林见清看着那张照片,看着那行字,长久以来支撑着他的、名为“冷静”的弦,似乎微微松动了一瞬,让一股温热的洪流悄然漫过心间。他走到教室外的走廊,靠在窗边,拨通了电话。
电话几乎被秒接。
“林见清!听到了吗?我拿到了!巴黎!我们一起去巴黎!”周予安的声音激动得有些发颤,背景是鼎沸的人声和队友的欢呼。
“听到了。”林见清的声音很轻,带着不易察觉的微哑,“恭喜,周予安。也……谢谢。”
“谢我什么?是你自己厉害!”周予安嚷道,随即压低声音,带着笑意,“林博士,感觉如何?”
林见清望向窗外A大熟悉的景色,初夏的阳光明媚耀眼。他沉默了几秒,才说:“感觉……像终于算对了一道很难的题。” 顿了顿,他补充,“你游得很快,最后五十米,很漂亮。”
“那必须的!不能给林博士丢人!”周予安大笑,“等着,等我从巴黎给你带块‘更好看的’牌子回来!”
“好。”林见清应道,嘴角的弧度再也压不住。
那天晚上,他们一个在庆功宴上被队友和教练围着,一个在师门的聚餐中接受祝贺。喧嚣之外,他们的手机始终连着一条无形的线,分享着隔着山海却同步的喜悦。
巴黎,左岸与泳池
巴黎的夏天,塞纳河畔流淌着艺术与浪漫,而城市另一端的游泳馆,则弥漫着顶尖竞技独有的、一触即发的紧绷。奥运村热闹得像一个微型地球村,周予安在适应训练、调整状态、应对采访的间隙,总会拍些光怪陆离的照片和短视频发给林见清:挂着各国国旗的公寓楼、食堂里奇奇怪怪的食物、训练路上偶遇的其他项目的明星运动员……
林见清则以访问学者的身份来到了巴黎,在位于左岸的一所历史悠久的研究所进行短期合作。他的窗外是古老的石墙和梧桐树,窗内是堆满文献和草稿纸的书桌。奥运会的热潮似乎与这里绝缘,只有咖啡馆里的电视偶尔传来比赛直播的声音,提醒着这座城市正在举办全球最大的体育盛会。

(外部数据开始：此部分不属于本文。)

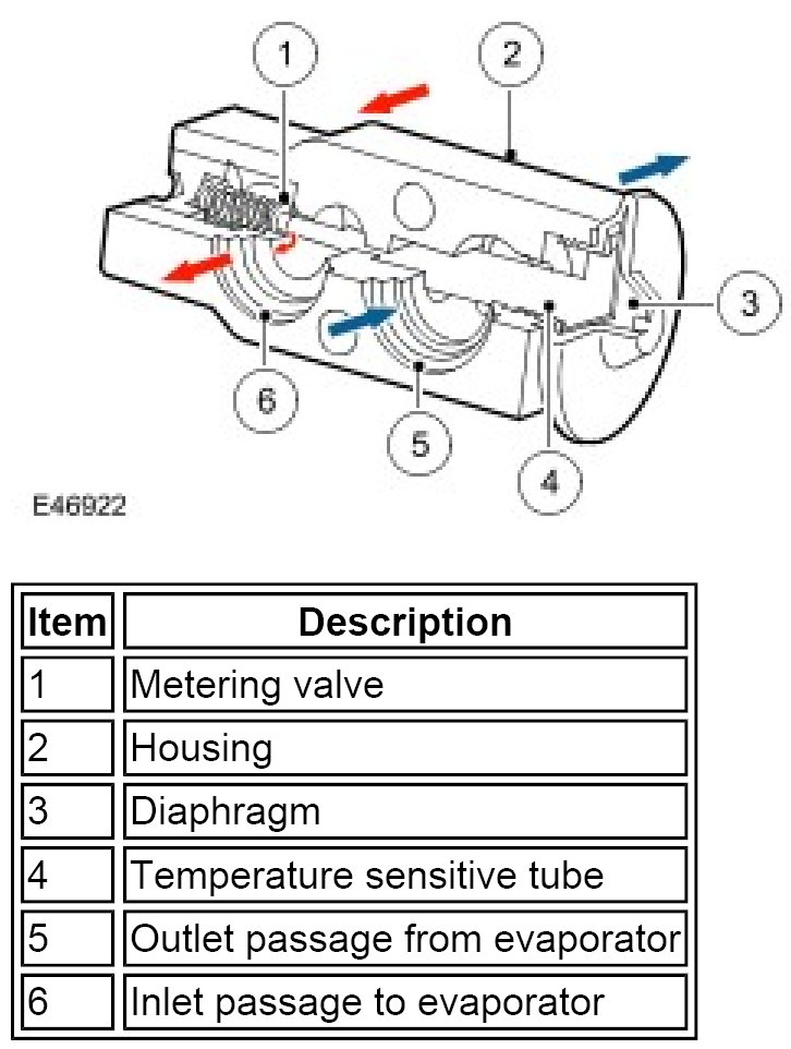 The temperature and pressure of the refrigerant leaving the evaporator act on the diaphragm and temperature sensitive tube, which regulate the metering valve opening and so control the volume of refrigerant flowing through the evaporator. The warmer the air flowing through the evaporator, the more heat available to evaporate refrigerant and thus the greater the volume of refrigerant allowed through the metering valve.

周予安比赛前一天,林见清结束了研究所的讨论,没有回住处,而是乘坐地铁,穿过大半个巴黎,来到了那座著名的游泳馆外。他没有门票,也不想进去打扰周予安的赛前节奏。他只是站在场馆外,看着那座在夕阳下泛着金属光泽的宏伟建筑,看着不同肤色、说着不同语言的人们带着兴奋的表情进出。
他拍了一张场馆外观的照片,发给周予安:“在外面。加油。”
几分钟后,周予安回复了一个大大的感叹号,然后是一段语音,背景很安静,应该是在休息室或热身区:“你来了?!怎么不早说!不过……这样也好。你在外面,我知道你在外面,就够了。明天,看我的。”
比赛日,林见清在研究所的休息室,和几位同样暂时放下工作的异国学者一起,看着电视直播。当周予安出现在第四泳道时,林见清不自觉地坐直了身体。
发令、入水、角逐……竞争激烈得令人窒息。周予安始终保持在第一集团,但优势并不明显。最后一个转身,进入自由泳,他再次展现出后程加速的恐怖能力,从第三追到第二,与领先的选手几乎齐头并进。最后的触壁,肉眼难以分辨。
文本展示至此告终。